My good frenemies over at Capitals Outsider and like to exchange questions and have the opposing team writer respond to them every time the Rangers and Capitals face each other in the playoffs; which is every single season ever. This season, of course, is no different, as the Rangers are set to face off against the Capitals in Washington on Thursday. Here are the five questions I had for Capitals Outsider writer Jeff Kleiman as well as his responses:
Adam: What's the biggest difference between this year's Capitals team and last year's?

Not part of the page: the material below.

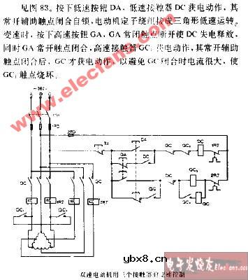 双速电动机用三个接触器的变速控制电路图

Jeff: The short answer here is the system that Adam Oates has implemented. Under ex-coach Dale Hunter, the Capitals abandoned most of their offensive prowess and took up a defense-first mindset. This caused players such as Alexander Ovechkin, Nick Backstrom, and Troy Brouwer to suffer statistically and forced them to play in a way that wasn’t natural to them. Oates has reminded his players that defense is an important aspect of the game, however you must score in order to win and has given them the freedom to be creative on the ice. The Capitals have also placed their full trust in Oates and what he’s been trying to implement, and it shows. In an interview with DC media, Adam Oates said that he told Ovechkin “you are the man, we know that, and I want to give you every opportunity to succeed and be the man for us.” That sort of thing never happened under the Hunter regime and it’s caused major dividends to be paid out on behalf of the Capitals.
Adam: All indications are that Brooks Laich will not be available for the first round. How big is his loss?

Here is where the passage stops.